● **What is needed**:
Line by line, copy out the entries exactly and leave the pictures behind.

# # #

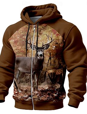 Homens Veado Moletom Caça Manga Longa Com Zíper Ao ar livre Esportes Marron Outono Todas as Estações Designer S M L XL XXL XXXL
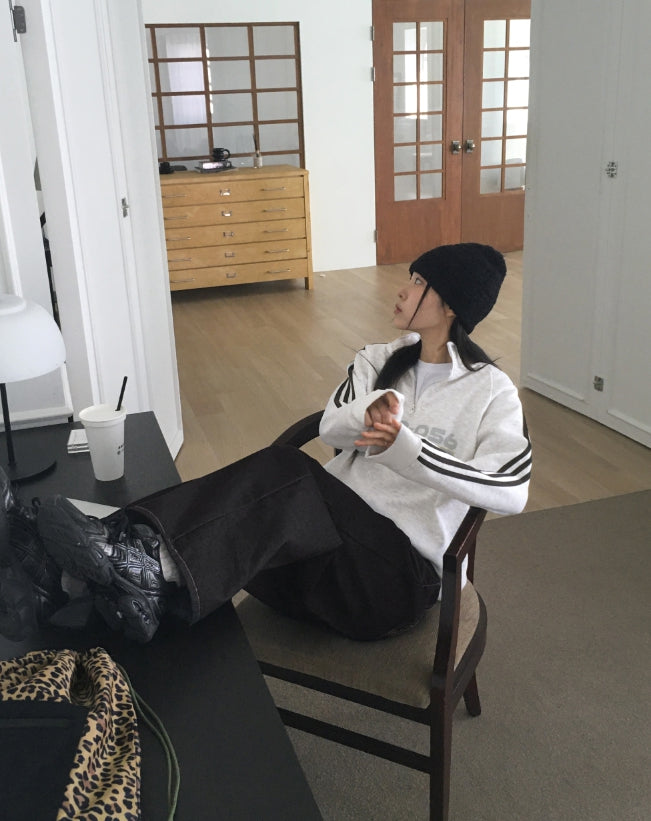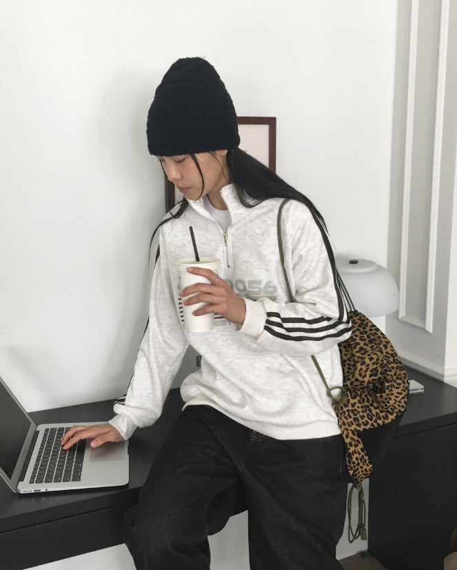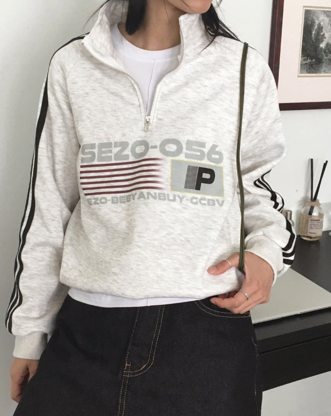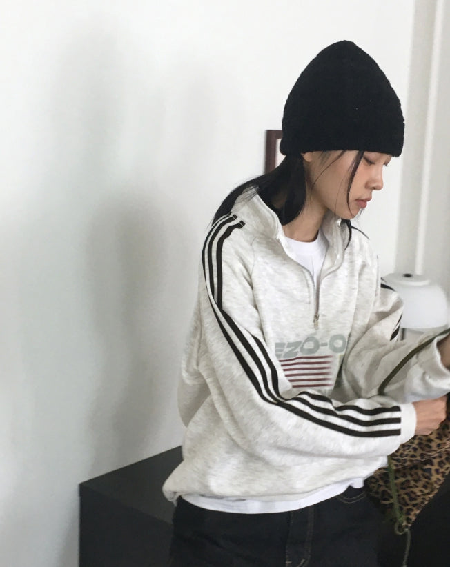 [裏起毛]ティヴァンY2Kトラックオーバーフィットセミジップアップスウェットシャツ
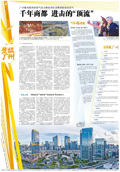 广州的城市基因里从没有“守成”二字,有的是不断破圈、向外生长的执着。改革开放以来,全国第一家灯光夜市——“西湖路灯光夜市”曾被称为中国时装展示的“橱窗”;1981年,广州开出了中国内地第一家自选超级商场,全敞开式无人售货的模式引来各城市争相效仿;1987年,南方大厦创办了国内首家“24小时便利店”,推动了国内零售销售模式产生重大变革……这座城市的每一次跨越,都是对既有边界的一次有力叩击。时至今日,广州依旧凭借着创新开拓与坚忍奋进的精气神,在新时代发展的浪潮中不断“出圈”。
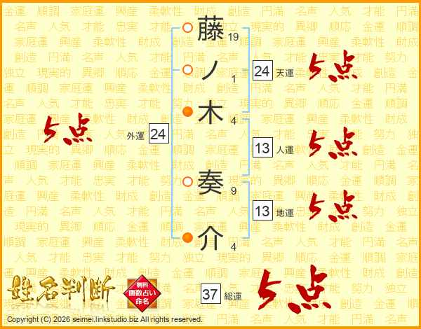 藤(19画)ノ(1画)木(4画) 奏(9画)介(4画)
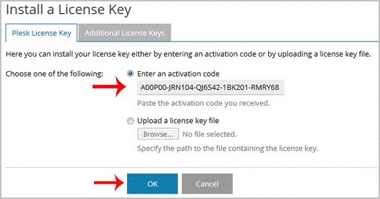 Step 7: Now click on "Install Key", enter your Plesk Activation code and press ok to close it. You can also use a trial key or use your own key.
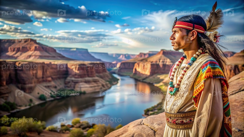 Молодой индейский американец смотрит на ландшафт каньона

# # #

● **Written solution**:
 Homens Veado Moletom Caça Manga Longa Com Zíper Ao ar livre Esportes Marron Outono Todas as Estações Designer S M L XL XXL XXXL
 [裏起毛]ティヴァンY2Kトラックオーバーフィットセミジップアップスウェットシャツ
 广州的城市基因里从没有“守成”二字,有的是不断破圈、向外生长的执着。改革开放以来,全国第一家灯光夜市——“西湖路灯光夜市”曾被称为中国时装展示的“橱窗”;1981年,广州开出了中国内地第一家自选超级商场,全敞开式无人售货的模式引来各城市争相效仿;1987年,南方大厦创办了国内首家“24小时便利店”,推动了国内零售销售模式产生重大变革……这座城市的每一次跨越,都是对既有边界的一次有力叩击。时至今日,广州依旧凭借着创新开拓与坚忍奋进的精气神,在新时代发展的浪潮中不断“出圈”。
 藤(19画)ノ(1画)木(4画) 奏(9画)介(4画)
 Step 7: Now click on "Install Key", enter your Plesk Activation code and press ok to close it. You can also use a trial key or use your own key.
 Молодой индейский американец смотрит на ландшафт каньона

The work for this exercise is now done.